Capital costs were determined by standard chemical engineering cost estimating procedures and from published information. The interest rate during construction was taken at 8 percent. All costs were based on 1973 equipment cost indexes and labor rates. Operating costs assumed direct labor at $4.45 per hour, electric power at $0.01 per kilowatt-hour, natural gas at $0.50 per thousand cubic feet, steam at $0.34 per thousand pounds, ammonia at $60 per ton, process water at $0.17 per thousand gallons, cooling water at $0.03 per thousand gallons, and coal at $12 per ton. Other assumptions are supervision of direct labor and maintenance labor at 15 and 20 percent, respectively; maintenance labor at 2.3 percent of fixed capital cost without interest; payroll overhead at 25 percent of total labor and supervision; operating supplies at 20 percent of the cost of maintenance; administration and overhead at 40 percent of the total cost for direct labor, maintenance, and operating supplies; taxes and insurance at 2 percent of the fixed capital cost without interest; an amortization period of 12.5 years; and 330 operating days per year.
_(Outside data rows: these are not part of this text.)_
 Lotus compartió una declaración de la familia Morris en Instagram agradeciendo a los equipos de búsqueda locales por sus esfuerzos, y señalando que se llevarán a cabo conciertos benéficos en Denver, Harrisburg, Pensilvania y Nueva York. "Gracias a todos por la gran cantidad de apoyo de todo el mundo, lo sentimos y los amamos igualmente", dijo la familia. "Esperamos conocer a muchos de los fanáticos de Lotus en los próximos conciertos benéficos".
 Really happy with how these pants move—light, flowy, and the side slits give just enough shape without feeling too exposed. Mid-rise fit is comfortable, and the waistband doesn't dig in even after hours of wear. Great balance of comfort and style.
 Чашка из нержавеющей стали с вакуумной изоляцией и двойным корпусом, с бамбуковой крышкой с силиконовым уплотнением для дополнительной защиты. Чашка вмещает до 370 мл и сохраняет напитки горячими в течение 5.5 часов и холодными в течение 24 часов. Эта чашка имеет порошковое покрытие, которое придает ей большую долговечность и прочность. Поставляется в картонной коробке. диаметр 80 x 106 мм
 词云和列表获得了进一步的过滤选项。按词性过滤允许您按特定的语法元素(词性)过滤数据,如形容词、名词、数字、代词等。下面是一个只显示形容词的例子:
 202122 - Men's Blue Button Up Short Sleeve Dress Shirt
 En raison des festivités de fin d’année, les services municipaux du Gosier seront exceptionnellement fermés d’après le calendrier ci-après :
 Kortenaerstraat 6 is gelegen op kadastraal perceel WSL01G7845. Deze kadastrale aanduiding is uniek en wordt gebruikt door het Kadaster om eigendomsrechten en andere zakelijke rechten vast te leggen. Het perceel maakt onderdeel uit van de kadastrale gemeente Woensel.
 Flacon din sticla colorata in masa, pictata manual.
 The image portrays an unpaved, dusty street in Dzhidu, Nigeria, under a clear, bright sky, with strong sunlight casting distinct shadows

A summary of the capital and operating costs for the double roast process and for a conventional smelter are shown in tables D-6 and D-7, respectively. These costs are for comparative purposes only; they show that the double roast process costs more to build and to operate. The unit production cost per pound of copper of this process is about $0.0192 greater than for a conventional smelter. However, if consideration is given to the value of byproduct sulfuric acid, the double roast process would be competitive with conventional smelting of copper concentrate.